CS6907-13 Big Data and Analytics
CS6907-13 Big Data and Analytics
CS3907-80/CS444-10 Big Data and Analytics
Class project #3
Text Analytics in R
1. Data Set: acq
The problem is to process a large set of documents (50) to understand how text analytics works.
The function acq in the R package tm references a corpus of 50 documents.
You can start by following the slides in Lecture 7.
You should do at least the following:
a. For the complete set of documents, try the functions in lecture 7. What happens? Does it yield anything understandable about the documents.
b. Find the 15 longest documents (in number of words).
c. For each document work through the examples given in Lecture 7 to display the dendrogram and the WordCloud.
For the following you will need to write R functions to help you compute the results.
Use the packages textreuse, wordnet, zipfR
d. Prior to removing the punctuation, find the longest word and longest sentence in each document from the 15 largest documents.
e. Print a table of the length of each sentence in each of the 10 documents.
f. For each sentence of each document, remove the punctuation. Display the sentences.
g. For each word print its part of speech using the Wordnet package.
h. Analyze word frequency using functions from package zipfR.
2. Deliverables: You will deliver your results by putting a zipfile in your group’s Blackboard file, with the following naming convention: Group-N-Project-3.zip, where N is your group number. Your deliverable should encompass the following items:
A listing of all R functions that you have written
A document giving your results which should include your assessment of applying the different techniques to the data provided.
Remember to save your workspace! In your Group area would be a good place so all members can get to it.
Include in your Word document the results required
(use a CTRL-ALT-PrintScreen) to grab the screen
You may use Irfanview 4.40, irfanview@gmx.net. Paste in the screen image, and copy the image as JPEG to drop into your Word document.

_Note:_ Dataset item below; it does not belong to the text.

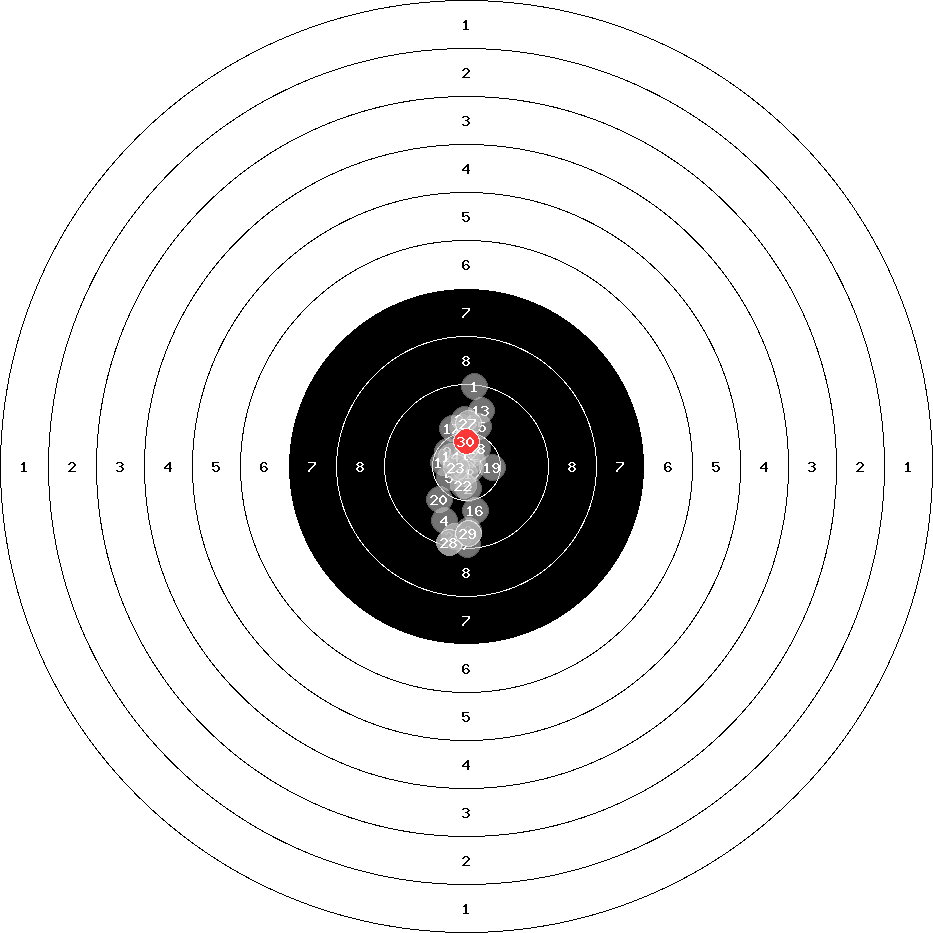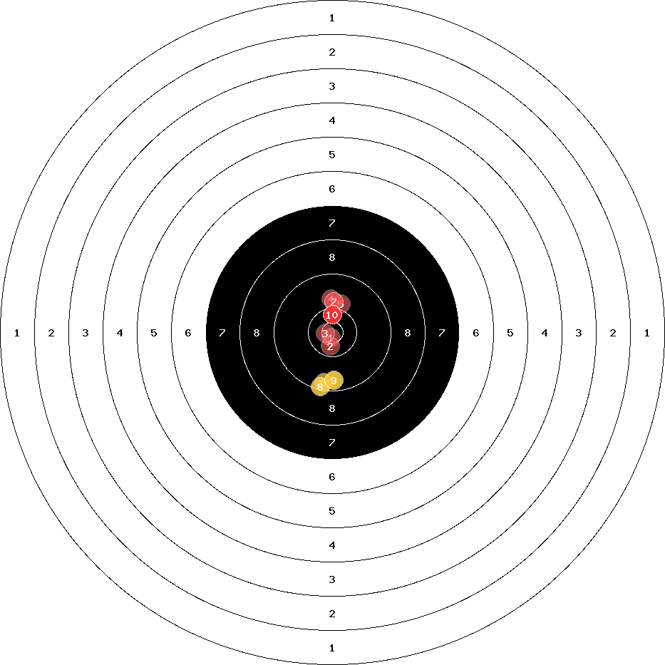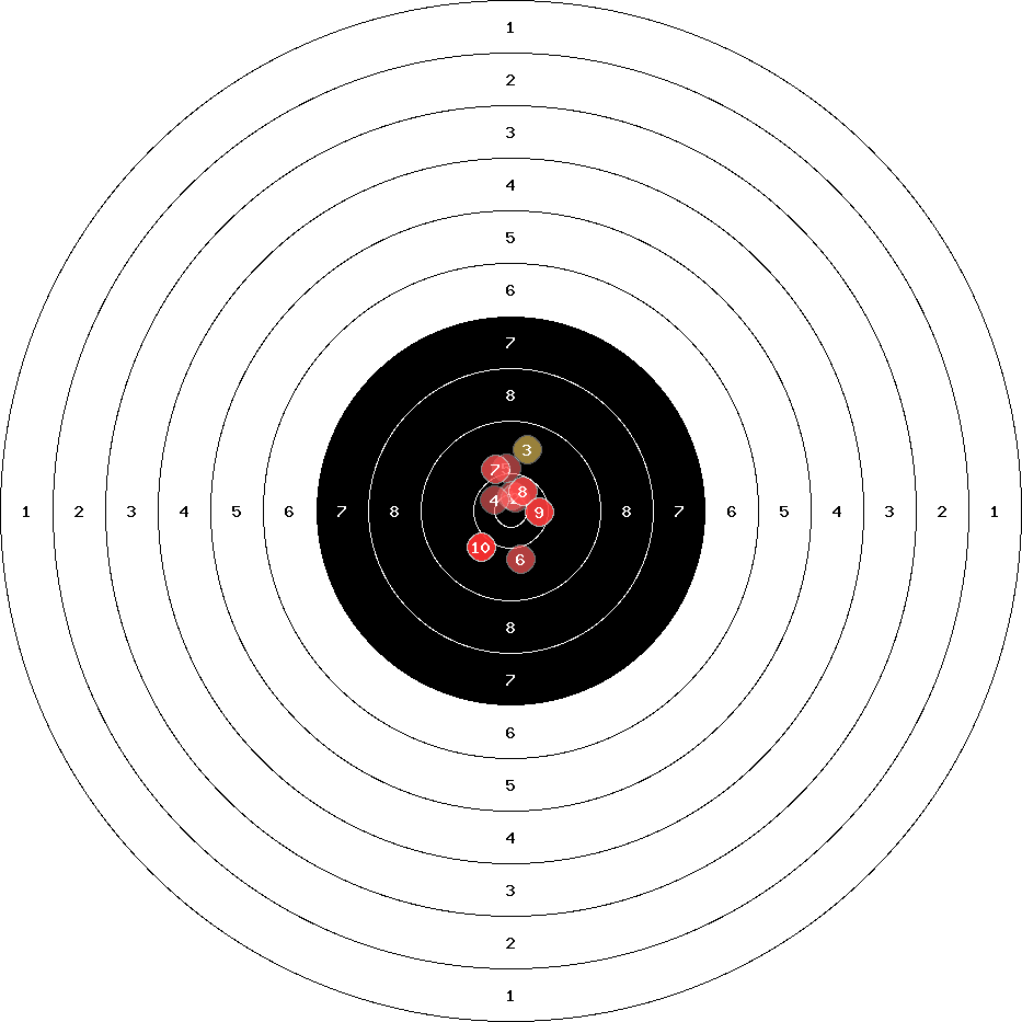hit position: 0.45 mm left, 0.58 mm low
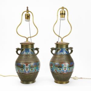 Bronze et émaux polychromes à motifs floraux et de chauve-souris...

3. Due Date: May 4, 2017 COB
4. Project #3 Value: 25 points
a. Document R functions: 3 points
b. Presentation and discussion of results from the experiments that you run using the different functions from Lecture 7: parts (a) through (h) 2 points each. Include plots where applicable.
c. Write an R function to search through the documents to find a specific word or phrase. Print the document number, line number, and word index in the sentence. Demonstrate with three examples. Use words of 6 characters or more as your test cases. 3 points.
d. Analysis of what this project helped you learn about data science, e.g., the exploration of data which is what you have been doing: 3 points
2